As the PDCs would not require legions of experienced entrepreneurs, this model could work equally well in existing innovation hubs as well as Michigan, Florida, Iowa, or any other region that has high quality research centers funded by the federal or state government. The AIIF could be an economic development activity that truly benefits the entire country.
Why should Government favor investment in early stage science and technology innovation?
The federal government, through its many science and technology related agencies, is already the largest single investor in basic research in the United States. From this research, discoveries are made that lead to better health, increased security and defense, more nutritious food, a cleaner environment, and better communications.

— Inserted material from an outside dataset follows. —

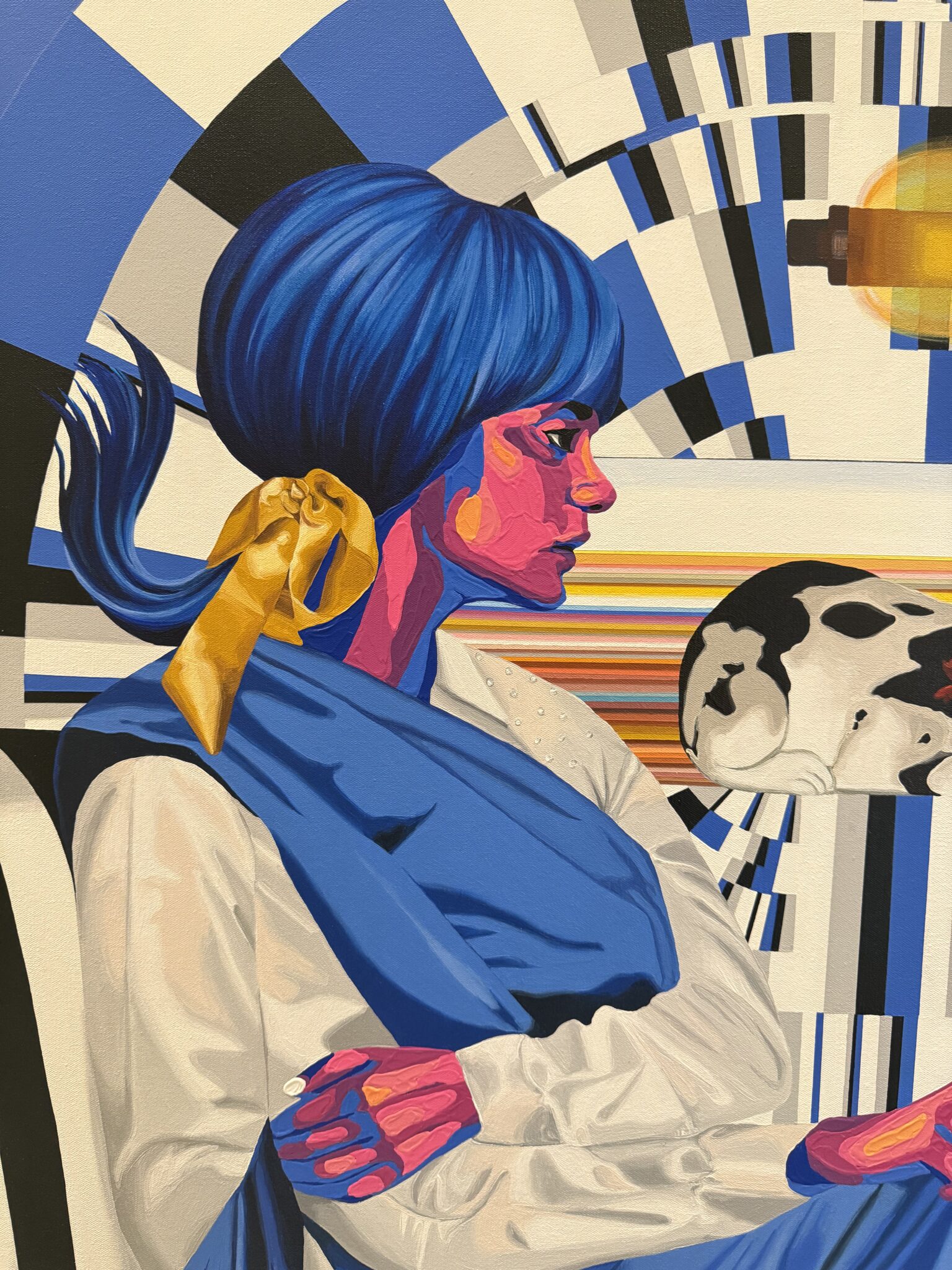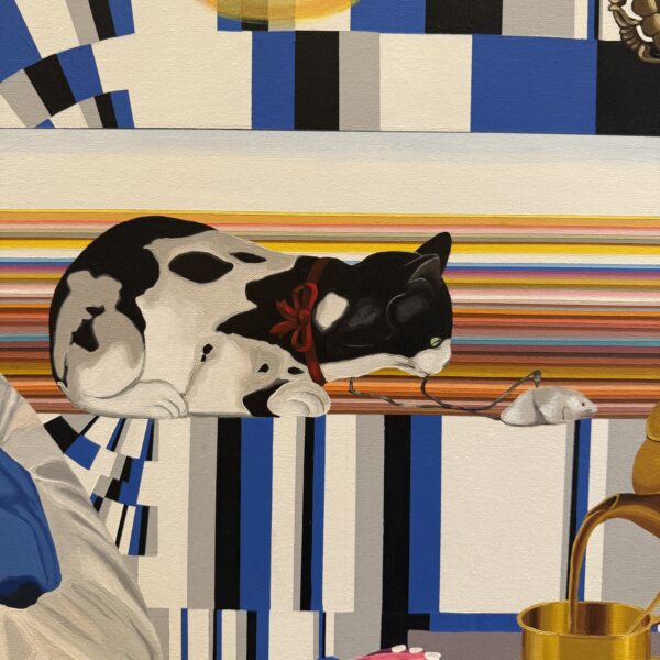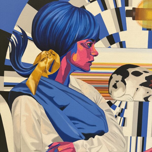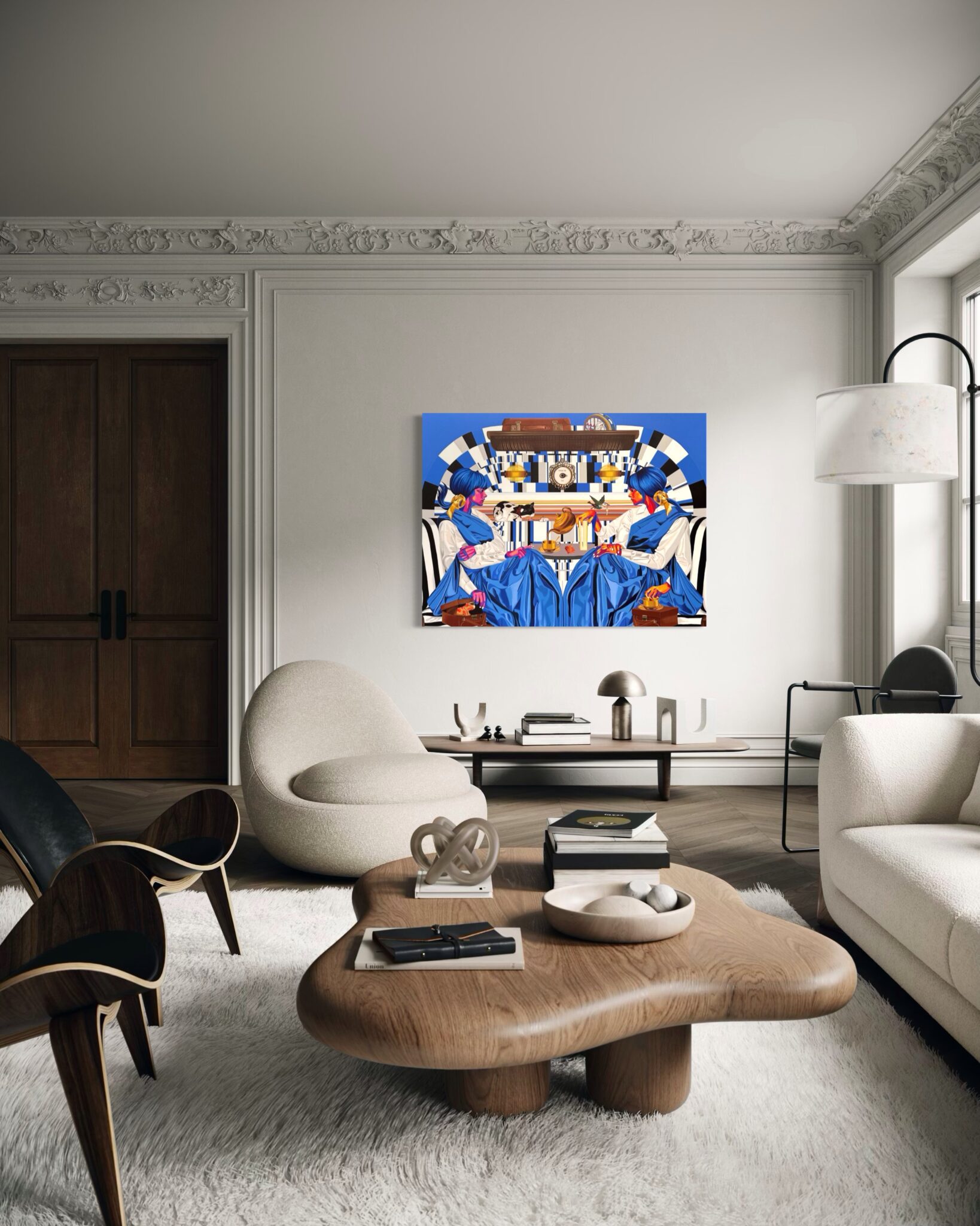The artist’s sharp, hyper-stylized realism, combined with a bold contemporary color palette, places this work in dialogue with postmodern portraiture and contemporary surrealism. Kumar challenges the viewer to navigate the boundaries between reality and artifice, the familiar and the uncanny, creating a piece that is both aesthetically commanding and conceptually rich. Above all else, “Two For Tea, Change For One” is an invitation to decode a world of hidden symbols, layered narratives, and the interplay between structure and chaos.

The world’s biggest challenges require technological breakthroughs in these sectors. As a result, these are the areas that should attract the largest investments. By focusing on early stage technology investing we will see major global benefits and economic impact in addition to significant investor returns and significant new job creation. Furthermore, the US is currently the world leader in innovation and our future leadership will increasingly depend on our ability to more efficiently transfer discoveries from research through commercialization.
While modifications of the previous innovation models (fully integrated and VC start-ups) will certainly continue, we believe that the Distributed Partnering Model offers a rational framework for a new approach to risk-adjusted financing of innovation. There are many potential modifications and hybrids of the proposed new model and we have faith that entrepreneurs will certainly add creative dimensions over time.
Our concept of a distributed partnership model is further supported by two very recent articles: In Sunday’s New York Times, op-ed columnist Friedman calls on President Obama to make 2010 the year of “Start-Up America;” and last week, Morgan Stanley analyst Simon Varcoe called on large Pharma to downsize internal research programs in favor of in-licensing.